Daniel Craig knew within days of Casino Royale’s release that he wanted James Bond to die.
The 54-year-old actor made his debut as the suave spy in the 2006 blockbuster, which served as a reinvention of the long-running franchise, and hadn’t expected his tenure to last more than one movie.
But after seeing the universally positive reception to the film, he asked producer Barbara Broccoli to come up with a long-term plan for his character.
He told Sunday Times Culture magazine: ‘I was driving away from the Berlin premiere of Casino Royale with Barbara Broccoli. I had genuinely thought I would do one Bond movie, then it would be over. But by then we knew we had a hit on our hands.

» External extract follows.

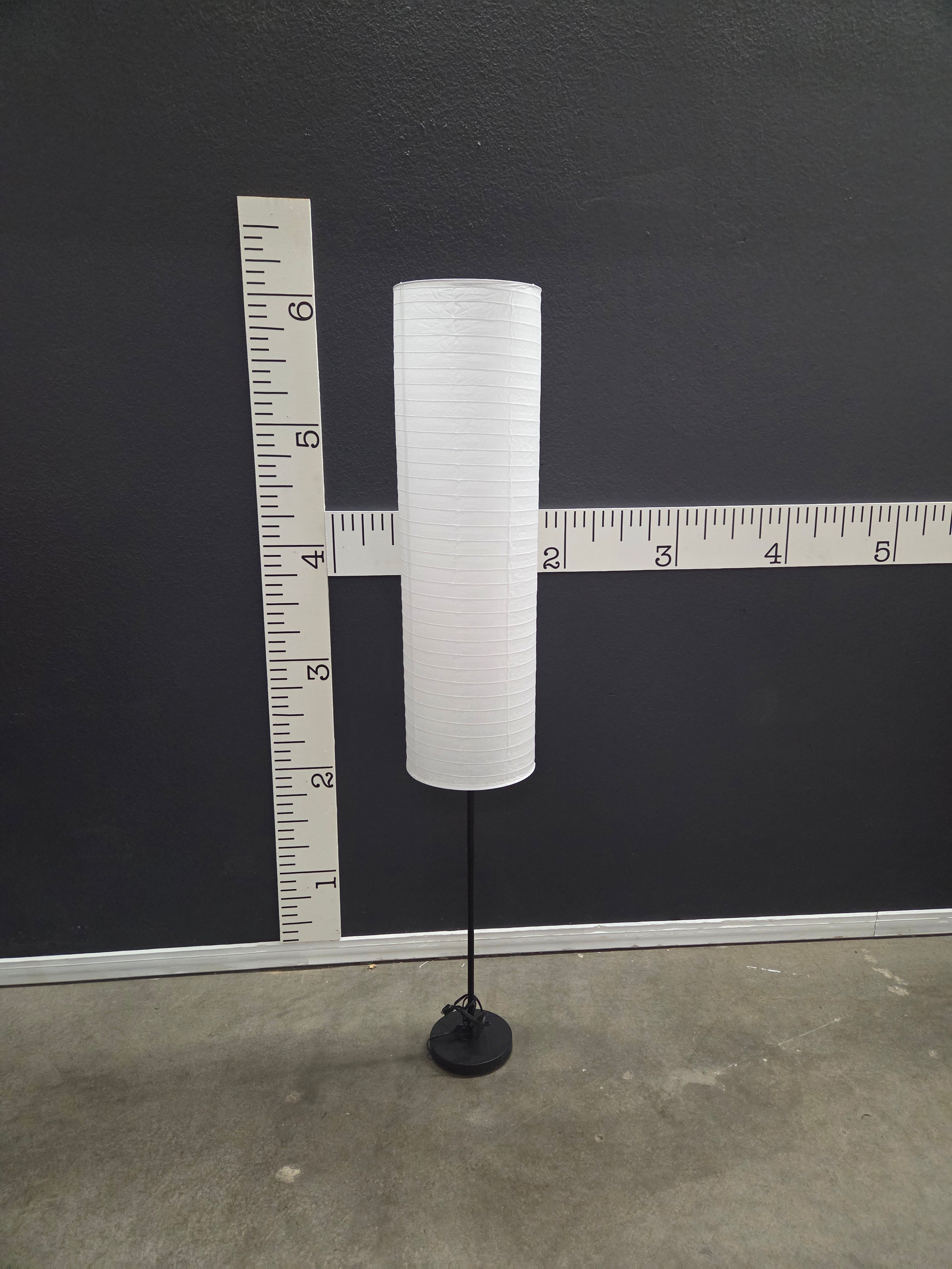 This sleek floor lamp features a white cylindrical shade with a smooth fabric finish, offering a clean and contemporary look. The base is sturdy and complements the overall minimalist design. Approximate Size: 5 x 0.75 x 0.75

‘I realised the enormity of it, so I said to Barbara, “How many more? Three? Four?” She said, “Four!” I said, “OK. Then can I kill him off?” She said, “Yes.”‘
Despite the agreement, Daniel returned for a fifth movie, 2021’s No Time To Die, but he admitted planning for Bond’s death had to be kept secret because studio bosses weren’t thrilled at the idea of killing off the iconic character.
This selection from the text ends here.